Tiffany jewelry
- Founder: Louis Comfort Tiffany
- Headquarters: United States
- Products: Jewellery

= Tiffany jewelry =

Silver bracelet

Tiffany jewelry was the jewelry created and supervised by Louis Comfort Tiffany at Tiffany & Co., during the Art Nouveau movement.

==History==
Louis Comfort Tiffany waited until after his father’s death (Charles Lewis Tiffany) in 1902 before beginning to create jewelry. On March 22, 1902, Tiffany received approval to become a member of Tiffany & Co.’s board of directors, afterwards becoming vice-president and art director. This gave Tiffany the ability to make executive choices; without being under the shadow of his father any longer, Tiffany was able to focus his creative energies on his jewelry.

Tiffany began to experiment with jewelry designs in 1902 at Tiffany Furnaces, with the intent of showing his pieces as part of Tiffany & Co.’s display at the St. Louis Exposition. It was the perfect venue for him to show his range of talent in a variety of media. All the jewelry Tiffany made during this time was stamped with “Louis C. Tiffany,” along with “Artist.”
There are no surviving day books nor ledgers to help provide information on how Tiffany went about his jewelry prior to 1907; however his exhibit at the St. Louis Exposition provides some knowledge of his ventures.

==Inspiration==
For many of the pieces that Tiffany produced during this time, his focus gravitated towards flowerlike inspirations. The nature theme was also a current motif that occurred in many of his other works. He also produced some pieces based on Etruscan prototypes.

Motifs such as wild carrots, dandelions, birds and blackberries were quite common. The scarab theme was also used quite frequently as a decorative motive in his jewelry and desktop items.
It is noted that many of the pieces took on a very chunky appearance, reminiscent of the jewelry worn by the Celts. His work was very different from the airy, fluttery look of the Art Nouveau.

Tiffany’s jewelry can be categorized into two main areas of influence, naturalism and historicism, but after further investigation it is apparent that he had many other influences, some being quite unidentifiable.

==Production==
Tiffany not only explored the various jewelry processes of the time, but also branched out into new metals, such as platinum, which at the time was considered very hard to manipulate.

It seems to be the case that unusual colorations appealed to Tiffany, like the opal.
He also preferred gemstones that were either opaque or translucent. Turquoise, jade, carnelian, lapis, moonstones, and opals were all chosen for their ability to filter light.

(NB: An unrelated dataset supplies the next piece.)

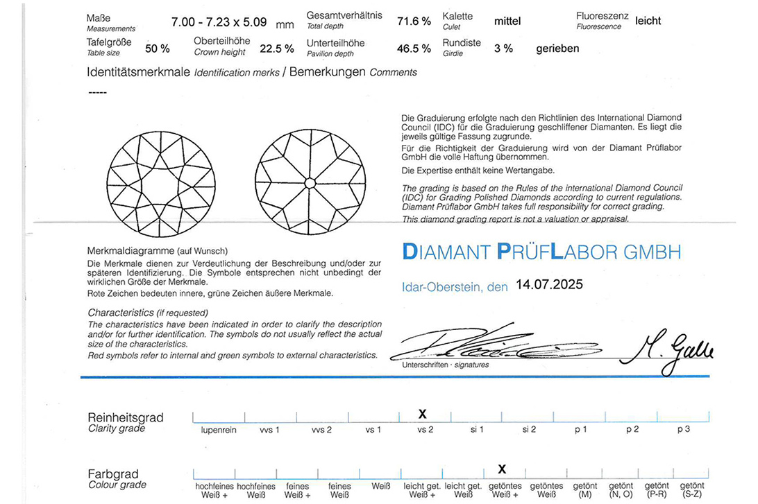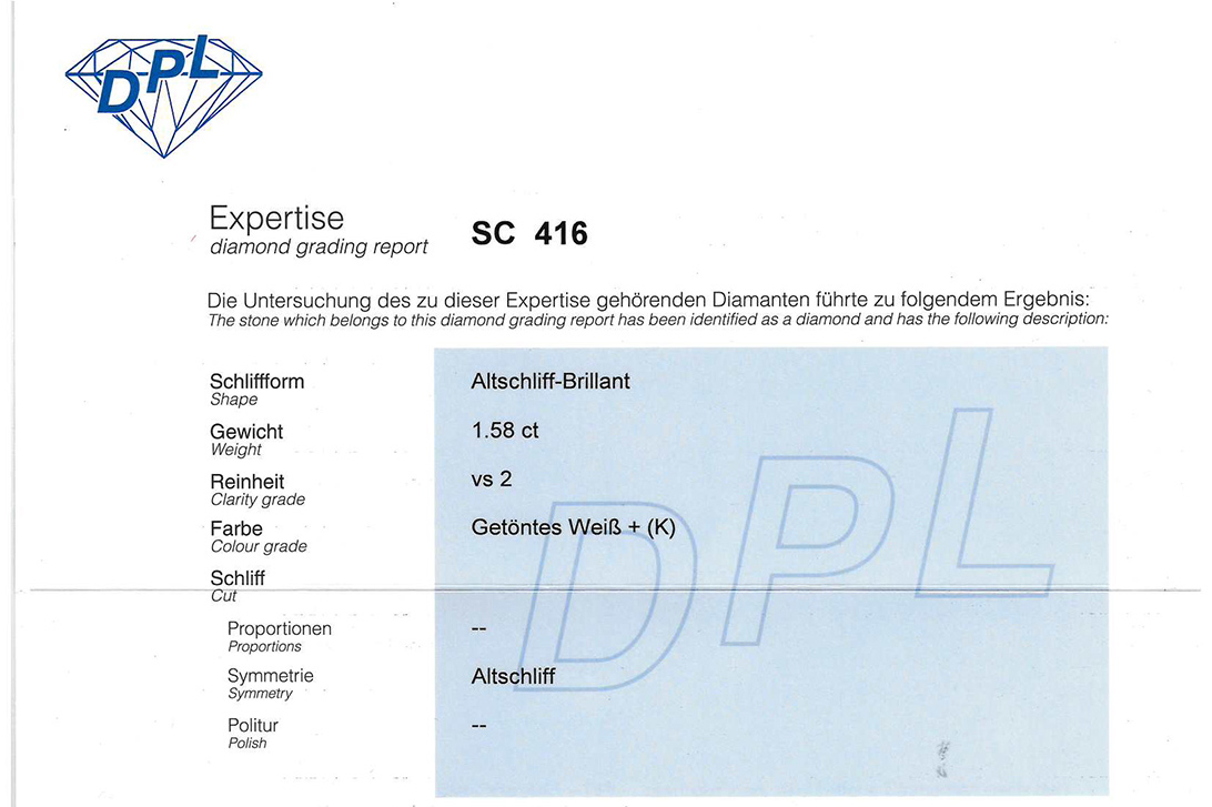 Ein besonderes Highlight ist das zugehörige DPL-Gutachten, das die Qualität und Eigenschaften des Diamanten dokumentiert.
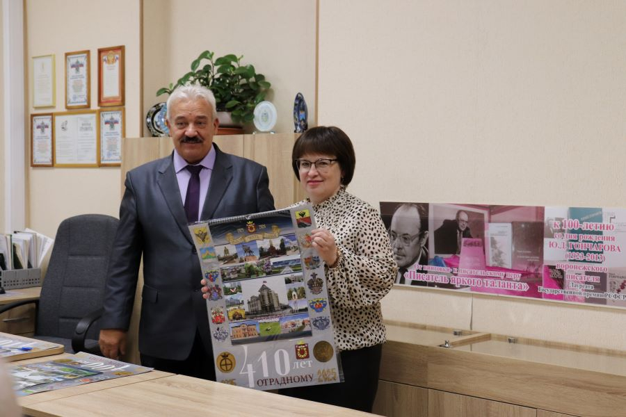 24 октября 2025 г. в читальном зале Государственного архива Воронежской области по инициативе Правления Воронежского областного отделения Российского общества историков-архивистов состоялась презентация исторического календаря «410 лет Отрадному». Составитель и автор текста календаря – Расторгуев Валерий Иванович, председатель президиума Воронежского областного совета краеведов, член регионального отделения РОИА. На презентации присутствовали Авраменко Андрей Михайлович, представитель администрации п. Отрадное, Символокова Лариса Владимировна, заместитель директора Воронежской областной универсальной научной библиотеки им. И.С. Никитина, Плотникова Вера Михайловна, руководитель Воронежского регионального общественного движения «Женское единство», Рыбянцев Владимир Егорович, офицер-подводник ВМФ СССР и России, капитан 2 ранга,  сотрудники архива.

Emphasis based on color was very prevalent in his works.

He devoted his first year of jewelrymaking mainly to focus towards forms and techniques, and only really began to put a collection together once he was satisfied with the fruits of his labor.

Once Tiffany & Co. began to manufacture his jewelry, there was a marked evolution in his pieces. His earlier pieces went from being made in a “hand-wrought”-looking manner, to a much more symmetrical and stylized fashion.
There was a great variety of jewelry produced during the 26 years that Louis Tiffany's enameling and jewelry division was in operation at Tiffany & Co. It has been estimated that nearly 5,500 pieces were produced during that time, an impressive amount considering the detail and craftsmanship in each piece.

He produced the same high-quality artisanship that was very much prized during the Arts and Crafts movement.

==Lasting impressions==

One of the last significant pieces that Tiffany produced was a plique-à-jour gold chalice enameled with peacock feathers, which he had designed in 1925. The cup portion of it was shaped like a tulip, once again reinforcing his admiration for nature. The peacock motif, shown in many of his pieces, is thought to have been his last appeal to immortality.